[PATCH] D32827: [AArch64] Correct lane zero optimization in insert/extract costs

Mon May 8 14:32:40 PDT 2017

anemet added a comment.

In https://reviews.llvm.org/D32827#745349, @mssimpso wrote:

> Hi Adam,
>
> > Actually, this is also true if the insert is fed by a load.  In this case we can just directly load into the vector register.  In my recent experience with SLP this seemed like a pretty important case which is changing with this patch.  How does performance look?
>
> That's right. That actually should be true for all load/insert sequences of legal types, not just ones that insert into lane zero - we should generate LD1s for all lanes.
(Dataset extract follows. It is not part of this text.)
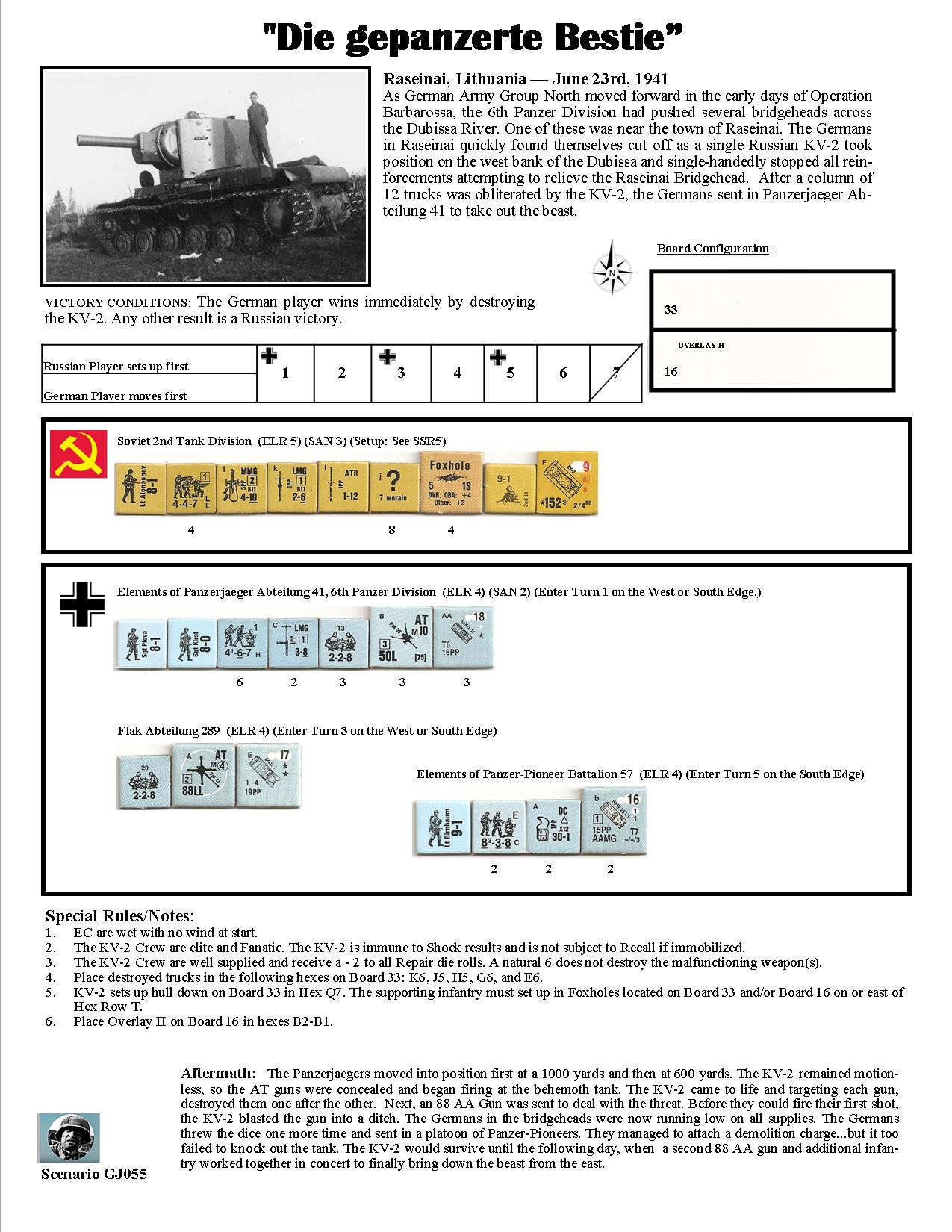 As German Army Group North moved forward in the early days of Operation Barbarossa, the 6th Panzer Division had pushed several bridgeheads across the Dubissa River. One of these was near the town of Raseinai. The Germans in Raseinai quickly found themselves cut off as a single Russian KV-2 took position on the west bank of the Dubissa and single-handedly stopped all reinforcements attempting to relieve the Raseinai Bridgehead. After a column of 12 trucks was obliterated by the KV-2, the Germans sent in Panzerjaeger Abteilung 41 to take out the beast.Attacker: German (Elements of Panzerjaeger Abteilung 41, 6th Panzer Division and Flak Abteilung 289 and Panzer-Pioneer Battalion 57)

So I think that could be an additional optimization, probably in a separate patch?

Sounds good.

> Regarding performance, this is generally beneficial for our cores (Kryo, Falkor), but our base insert/extract cost (2) is already lower than the default (3), so the effect may be somewhat different.

For perf changes like this, it would be great if we could have a more details analysis of the changed hotspots (like what I did for the 64-bit SLP).  Opt-viewer is a great tool for this especially with opt-diff which will tell you the changes in SLP vectorization in the hotspots (if you run it with PGO).  Unfortunately, I didn't have time to clean up my patches that add SLP vectorization remarks so you can't use it yet :(.

>> What does this mean in terms of the change of cost?  3->1?  Inserts are I think pretty expensive even within-class because they represent partial-writes.  I was surprised to discover recently that extracts and inserts have the same costs.
> 
> The changes to the default costs can be seen in the new cost model test I added. Basically, for integer and pointer types, things stay the same at 3 (but now lane zero is also 3). For floating-point, lane zero stays the same at 0 (but now the other lanes are at 1). But I'm happy leaving the float-point non-zero lanes at 3 if you prefer, and considering them instead in a follow-on patch if necessary.

These make sense to me.

I am wondering if a better abstraction would be if we just had a cost for cross-domain moves rather then using these magic values.  I guess it doesn't matter if this is the only place where we have this logic.

> My priority here is fixing the "extracting from lane zero costs nothing" issue, which is not true for integer types. If this change is too scary all at once, we could start with that case and tackle the issues/optimizations one-by-one. What do you think?

Yes, we should definitely commit this in two pieces.

https://reviews.llvm.org/D32827